=== SUPPLIED DATA ===

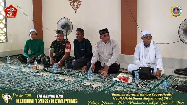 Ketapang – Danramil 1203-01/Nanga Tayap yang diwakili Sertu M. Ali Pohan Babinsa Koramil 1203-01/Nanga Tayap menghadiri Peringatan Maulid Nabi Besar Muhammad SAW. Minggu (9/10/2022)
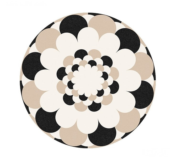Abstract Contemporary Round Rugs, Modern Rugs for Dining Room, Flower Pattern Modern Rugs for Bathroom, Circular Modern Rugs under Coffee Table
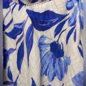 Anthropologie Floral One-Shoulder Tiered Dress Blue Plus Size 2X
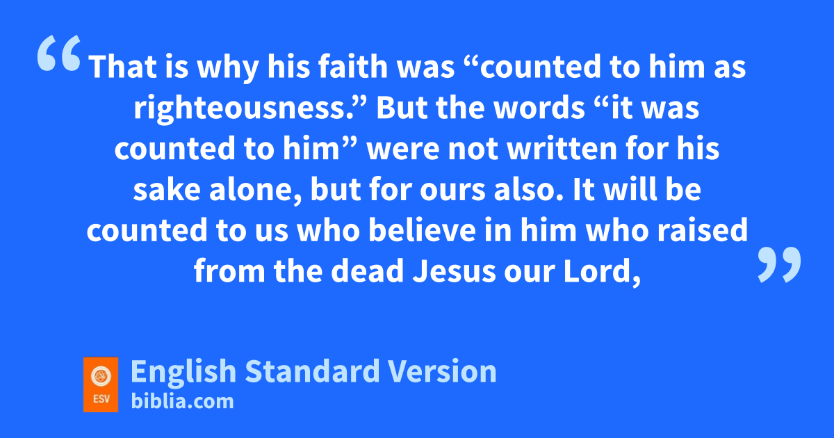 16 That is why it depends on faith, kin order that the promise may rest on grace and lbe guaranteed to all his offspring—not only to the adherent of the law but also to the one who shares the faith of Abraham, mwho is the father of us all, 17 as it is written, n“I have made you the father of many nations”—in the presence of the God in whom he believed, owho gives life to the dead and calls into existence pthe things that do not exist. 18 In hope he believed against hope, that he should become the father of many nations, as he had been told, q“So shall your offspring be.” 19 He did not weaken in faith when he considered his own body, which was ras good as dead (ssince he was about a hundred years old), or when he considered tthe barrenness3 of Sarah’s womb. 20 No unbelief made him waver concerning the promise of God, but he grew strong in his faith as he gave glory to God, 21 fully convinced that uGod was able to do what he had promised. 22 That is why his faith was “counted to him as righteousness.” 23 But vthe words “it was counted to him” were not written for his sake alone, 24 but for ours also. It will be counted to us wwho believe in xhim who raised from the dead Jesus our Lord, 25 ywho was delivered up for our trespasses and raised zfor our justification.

===

> EXERCISE OBJECTIVE
Please output each line above exactly and omit all images.

> RESPONSE
 Ketapang – Danramil 1203-01/Nanga Tayap yang diwakili Sertu M. Ali Pohan Babinsa Koramil 1203-01/Nanga Tayap menghadiri Peringatan Maulid Nabi Besar Muhammad SAW. Minggu (9/10/2022)
Abstract Contemporary Round Rugs, Modern Rugs for Dining Room, Flower Pattern Modern Rugs for Bathroom, Circular Modern Rugs under Coffee Table
 Anthropologie Floral One-Shoulder Tiered Dress Blue Plus Size 2X
 16 That is why it depends on faith, kin order that the promise may rest on grace and lbe guaranteed to all his offspring—not only to the adherent of the law but also to the one who shares the faith of Abraham, mwho is the father of us all, 17 as it is written, n“I have made you the father of many nations”—in the presence of the God in whom he believed, owho gives life to the dead and calls into existence pthe things that do not exist. 18 In hope he believed against hope, that he should become the father of many nations, as he had been told, q“So shall your offspring be.” 19 He did not weaken in faith when he considered his own body, which was ras good as dead (ssince he was about a hundred years old), or when he considered tthe barrenness3 of Sarah’s womb. 20 No unbelief made him waver concerning the promise of God, but he grew strong in his faith as he gave glory to God, 21 fully convinced that uGod was able to do what he had promised. 22 That is why his faith was “counted to him as righteousness.” 23 But vthe words “it was counted to him” were not written for his sake alone, 24 but for ours also. It will be counted to us wwho believe in xhim who raised from the dead Jesus our Lord, 25 ywho was delivered up for our trespasses and raised zfor our justification.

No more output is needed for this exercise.